Theo Bromide Makes You Love & Other Dumb Things People Tell You

So in a conversation tonight, I say that I don’t feel that “love” is an emotion as much as a response to attraction. And I am told, wait for it-- that Theo Bromide is responsible of my attraction to someone who is attractive.

I stammered, tried to repeat what this person said to me. Theo Bromide. He is dead serious to his idea.

I couldn’t even react thinking that Theobromine, said to be an aphrodisiac, is responsible to this poor kid’s idea of love, or at least an excuse for one.

Really, Theo Bromide (Bromine?) not “thee-ob-rin-ine” is the pronunciation he came up with? Well, the poor loves-ignorance kid strolled away with his girlfriend before I could even smile. And fi i COULD smile, it wouldn’t be for pleasure.
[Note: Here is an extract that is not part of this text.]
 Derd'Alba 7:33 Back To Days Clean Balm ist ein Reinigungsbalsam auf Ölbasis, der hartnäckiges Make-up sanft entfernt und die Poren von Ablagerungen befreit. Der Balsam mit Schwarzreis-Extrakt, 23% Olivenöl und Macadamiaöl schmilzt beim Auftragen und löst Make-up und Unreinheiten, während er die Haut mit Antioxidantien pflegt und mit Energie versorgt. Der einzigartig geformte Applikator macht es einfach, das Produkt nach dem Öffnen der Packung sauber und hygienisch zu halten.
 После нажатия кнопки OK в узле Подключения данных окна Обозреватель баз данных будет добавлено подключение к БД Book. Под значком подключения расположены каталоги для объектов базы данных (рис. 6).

Boys and girls, are you attracted to someone for a reason you just can’t be sure about? Well, just pray to the god of Theo Bromide. He’ll help you.

What other dumb-ass things have you heard lately?
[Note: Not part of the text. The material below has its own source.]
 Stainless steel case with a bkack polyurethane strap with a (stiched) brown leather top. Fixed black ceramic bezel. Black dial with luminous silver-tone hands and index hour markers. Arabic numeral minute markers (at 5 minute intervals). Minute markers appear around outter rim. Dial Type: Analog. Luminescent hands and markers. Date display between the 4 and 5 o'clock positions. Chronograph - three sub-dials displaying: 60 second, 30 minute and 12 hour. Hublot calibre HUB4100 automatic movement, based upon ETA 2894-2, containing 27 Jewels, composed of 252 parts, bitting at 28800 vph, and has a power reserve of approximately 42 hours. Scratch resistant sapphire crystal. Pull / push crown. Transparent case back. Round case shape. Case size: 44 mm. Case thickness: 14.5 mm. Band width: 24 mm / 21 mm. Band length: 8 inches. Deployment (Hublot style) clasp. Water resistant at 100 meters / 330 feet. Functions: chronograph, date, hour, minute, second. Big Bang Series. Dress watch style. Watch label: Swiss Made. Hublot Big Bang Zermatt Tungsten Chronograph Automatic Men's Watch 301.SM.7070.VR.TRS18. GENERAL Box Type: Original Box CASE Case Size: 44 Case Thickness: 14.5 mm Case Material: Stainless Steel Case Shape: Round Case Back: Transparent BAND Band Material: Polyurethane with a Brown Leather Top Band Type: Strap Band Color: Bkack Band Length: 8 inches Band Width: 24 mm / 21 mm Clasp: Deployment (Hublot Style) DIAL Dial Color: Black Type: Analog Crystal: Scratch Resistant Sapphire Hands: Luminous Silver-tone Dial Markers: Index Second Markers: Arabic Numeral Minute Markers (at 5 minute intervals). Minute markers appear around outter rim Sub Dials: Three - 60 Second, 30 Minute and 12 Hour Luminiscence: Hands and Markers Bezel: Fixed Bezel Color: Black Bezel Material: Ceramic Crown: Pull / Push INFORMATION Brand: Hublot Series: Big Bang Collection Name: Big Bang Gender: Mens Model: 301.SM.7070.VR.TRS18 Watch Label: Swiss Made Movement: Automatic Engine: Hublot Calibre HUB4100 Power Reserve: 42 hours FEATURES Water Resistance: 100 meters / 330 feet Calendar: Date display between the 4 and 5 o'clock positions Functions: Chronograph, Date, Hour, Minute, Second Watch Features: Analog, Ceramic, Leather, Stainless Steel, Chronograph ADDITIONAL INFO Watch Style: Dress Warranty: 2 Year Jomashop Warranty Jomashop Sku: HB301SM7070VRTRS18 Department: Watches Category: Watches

Makes perfect sense to me. He misread a single letter. If it were theobromide, it would be pronounced Theo Bromide. Instead, it is pronounced Theo Bromine. It’s not uncommon for people think it contains “bromine.” And, God, apparently.

(It really comes from the name for Chocolate-- Theobroma: food of the gods.)
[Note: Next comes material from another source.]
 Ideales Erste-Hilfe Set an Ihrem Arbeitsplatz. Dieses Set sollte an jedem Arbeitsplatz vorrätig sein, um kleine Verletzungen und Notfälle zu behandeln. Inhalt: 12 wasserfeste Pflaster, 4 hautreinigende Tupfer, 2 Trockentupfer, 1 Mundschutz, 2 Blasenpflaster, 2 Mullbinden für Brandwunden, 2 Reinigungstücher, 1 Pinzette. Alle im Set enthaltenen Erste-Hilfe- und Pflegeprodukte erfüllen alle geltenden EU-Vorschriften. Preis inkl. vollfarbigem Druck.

Okay, so here’s where I’m wrong. I thought the pronunciation is thee-o-BRO-mine. Looks like I’m wrong there. But we’re back to natural aphrodisiacs to process a little muskrat love? Maybe I’m wrong on both accounts.

Well, theobromine (pronounced like you think it is, OP) is a (mildly) psychoactive alkaloid found in cacao, as alluded to by BigT above. It’s responsible for the euphoric effects of chocolate, at least those that can’t be explained by the sugar and caffeine content.

But the source of love? Nah. Chocolate is more often seen as a substitute for love, most stereotypically in women. Also, don’t feed it to your dog.

Was your friend thinking of oxytocin?

I just met a guy who claimed he could hear people speaking in miscapitalized letters when he really didn’t know how the word was pronounced.

Although if I ever start my smooth jazz band, it will be named Theo Bromide.

Tonight, coming live to you, Mr. and Mrs. Middle America and all the ships at sea, from the Luscious Lynx Lounge, high above the skyline of Akron on the rooftop terrace of the Singletree Inn, the melodic groove of… Theo Bromide and his Omega Three, with guest vocalist Auntie Occident.

This is the best thing I’ve read all day. :smiley:

Everybody knows that it’s the Oxy toxin that’s responsible for love. That’s why they say that love is infectious!

** golf clap **

Well played, sir.

Forget theobromine. When I really want to get my heart racing, I just take a good dose of theodrenaline.

I wish the kid and his girl stayed around long enough to tell me about Angie O’Plasty, their best friend who grew new legs. :smiley:

And you’ll all take oxy. Oxytocin. :D:cool:

They didn’t get quite that far, but they did mention their friend Otto Fellatio, the horny contortionist.